Pourquoi ne pas privilégier un système de bonus-malus, à l'instar de ce que propose le rapport Cahuc-Kramarz ?

Il préconise de taxer les entreprises qui licencient. L'objectif étant de financer les reclassements. C'est une bonne piste, mais elle n'est pas destinée à optimiser le régime d'assurance chômage. Aux États-Unis, certains États pénalisent les sociétés qui licencient trop souvent. Mais nombre de ces entreprises disparaissent et ne paient plus. Qui plus est, elles sont taxées au pire moment pour elles.

Comment parvenez-vous à alléger le coût du travail à hauteur de 11 milliards d'euros ?

Grâce à la création d'une cotisation patronale de la fonction publique qui élargirait l'assiette de financement du RAC. Ainsi, on fiscalise une partie des ressources et on ne touche pas au pouvoir d'achat des fonctionnaires. Il est injuste et inefficace que le secteur marchand soit seul à financer le RAC.

Pourquoi mettre le régime des intermittents à contribution ?

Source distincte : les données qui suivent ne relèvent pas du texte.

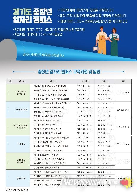 뉴스펀치 박상훈 기자 | 경기도가 중장년층의 재취업과 창업을 지원하기 위한 실무형 직업훈련 ‘중장년 일자리캠퍼스’를 올해 처음 추진하며 직업훈련 24개 과정별 25명씩 총 600명의 교육생을 모집한다.
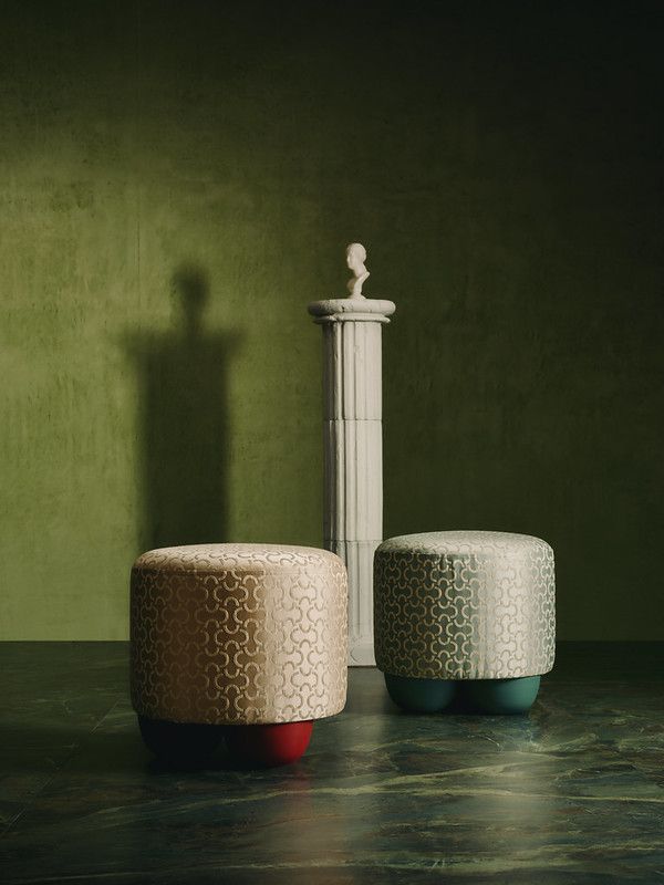 3. Pufy z charakterystycznymi wzorami: Okrągłe pufy w różnych wersjach kolorystycznych – czarno-złotej oraz miętowo-złotej. Ich subtelne, eleganckie wzory sprawiają, że świetnie sprawdzą się jako elementy dekoracyjne i praktyczne w każdym wnętrzu.
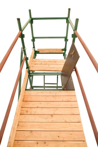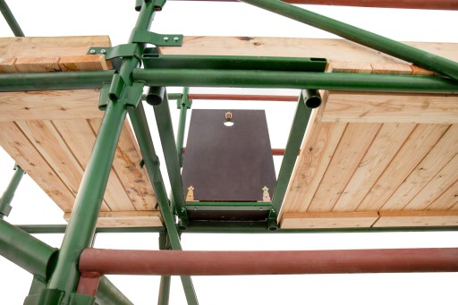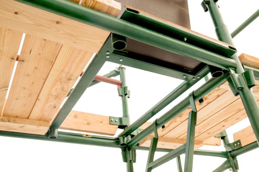 System choinkowy (klinowy) pozwala na dowolne dopasowanie wysokości podestu do potrzeb wykonywanej pracy. Z kolei łączenia klinowe nie tylko zapewniają bezpieczeństwo i stabilność całej konstrukcji, ale umożliwiają również montaż dodatkowych elementów takich jak: podesty, drabinki bądź mocowania kotwiące do ściany.
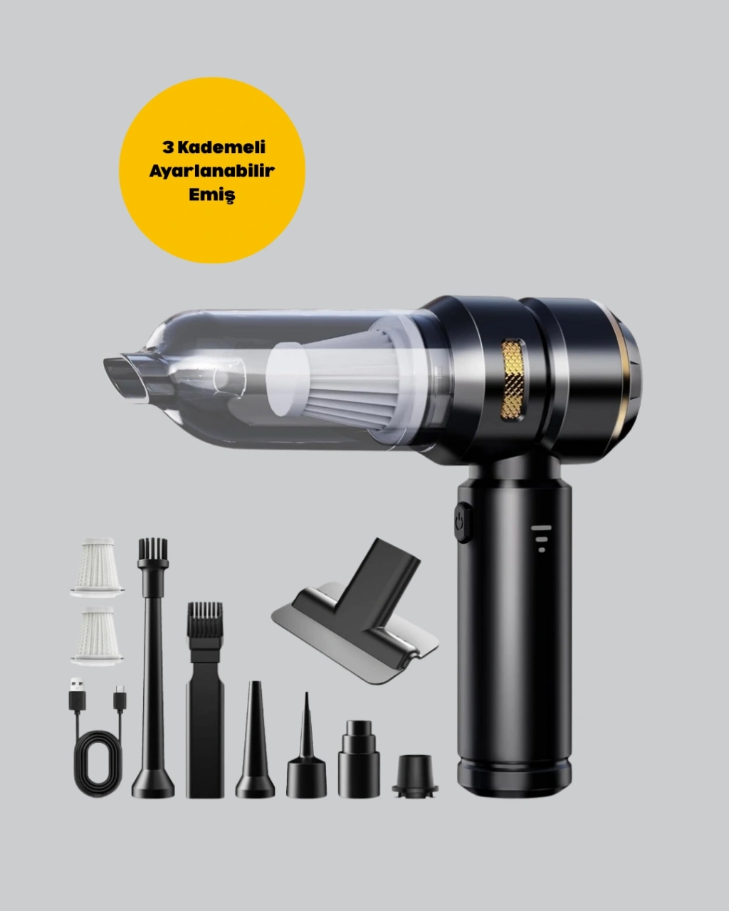 Şarjlı, kablosuz ve çok fonksiyonlu yapısıyla dikkat çeken bu araç içi süpürge, günlük temizlik rutinlerinizi daha kolay ve hızlı hale getiriyor. 2 in 1 fonksiyonuyla hem güçlü vakumlama hem de hava üfleme özelliklerini bir arada sunuyor. 15.000 PA emiş gücü, en küçük toz parçacıklarını bile etkili şekilde temizler. Üç farklı kademeli emiş seçeneği sayesinde kullanım alanınıza uygun performans elde edebilirsiniz. HEPA filtre sistemiyle toz ve partikülleri yüksek verimlilikle yakalarken yıkanabilir özelliğiyle uzun süreli ve hijyenik kullanım sunar. Geniş toz haznesi kolayca boşaltılabilir ve temizlenebilir. Kompakt ve hafif tasarımıyla hem taşınabilir hem de ergonomiktir. Uzun süreli kullanımlarda bile rahatlık sağlayan tutma kolu, temizlik işlerinizi keyifli hale getirir. Sessiz motor teknolojisi sayesinde gürültüsüz çalışır ve her ortamda kullanılabilir. Zengin aksesuar seti içerisinde dar ağızlı başlık, fırçalı başlık ve üfleme aparatı gibi seçenekler bulunur. Bu sayede aracınızın koltuk araları, döşemeleri, evinizdeki küçük alanlar, mobilya köşeleri ve daha pek çok alanı pratik bir şekilde temizleyebilirsiniz. Çok yönlü kullanımıyla hayatınızı kolaylaştıran bu süpürge, temizlik deneyiminizi profesyonel seviyeye taşır.

Nous proposons de mettre les intermittents au niveau des intérimaires. Ce régime est très onéreux et il paraît anormal que le régime général paie pour des salariés qui ne se différencient que par le client final. Pourquoi distinguer le chauffeur de production du chauffeur de maître ? Et pourtant leurs droits sont sensiblement différents.

BRUNO COQUET

Économiste.

ÂGE

42 ans.

PARCOURS

Bruno Coquet a partagé sa carrière entre recherche et fonctions opérationnelles. Chercheur à l'OFCE, responsable des prévisions chez Renault, il a occupé plusieurs postes au sein du ministère de l'Emploi. Il est administrateur du Centre d'études de l'emploi. Il vient de publier avec Arnaud Sylvain « l'Indemnisation du chômage : éléments pour une réforme », dans la revue Sociétal (n° 55).